The error evaluation can be determined by finding the slope of these curves on the figure; for an order of magnitude change in the timestep, there should be two orders of magnitude in precision. Figure 12 shows second order time convergence in the position of all three global directions.

Fig. 12
figure 12

Convergence rates for orders of \(\varDelta t\) for the full articulated and elastic system

7 Conclusion

Mid-point evaluation of the rigid body accelerations allows one to combine that methodology with the generalised-\(\alpha \) energy momentum method. This subsumes the second order accuracy and controllable dissipation of the elastic bodies with the accuracy of solving constrained kinematics. A three-dimensional model using the generalised-\(\alpha \) energy momentum method for a nonlinear elastic material with small strain deformations is amalgamated with a non-weighted residual equation scheme for rigid body parallel kinematics to result in the constrained generalised-\(\alpha \) method. This model forms the basis for a computer code capable of solving nonlinear, closed kinematic articulated helicopter hubs and elastic rotor blade dynamics. The complete computer code exists as a tool for the SHARCS group to test new vibration control ideas and simulate results before experimentation.

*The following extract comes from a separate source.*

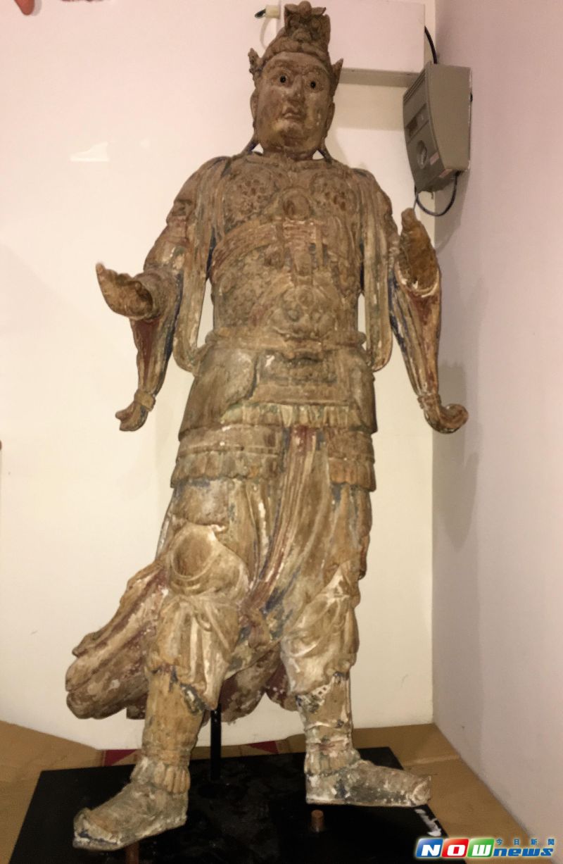 為了瞭解佛像來歷,游先生委請相關單位鑑定,確認這尊木雕彩繪天王立像係屬中國遼金時期古物,約有千年歷史,具有高度文物價值;天王像身披鎧甲,高164公分、寬68公分、厚度50公分,昂藏威武氣勢不凡,雙目依然炯炯有神,雕工精緻細膩,整體保存完整並無殘缺,實屬難得。

Individual component functions have been independently verified and validated. The rigid body mechanics have been validated with respect to previously published works, including Runge-Kutta discretisation. The three-dimensional model compares well with nonlinear results from literature and from analytic equations. For a complex problem with an unknown number of kinematic chains, this algorithm converges very quickly with a larger time step than other methods. In addition, a significant advantage over other methods is that no prior knowledge about the kinematic chain or an optimally located ‘cut’ is required. Finally, the simulations generally show good convergence properties, quadratic in spatial dimensions and in time.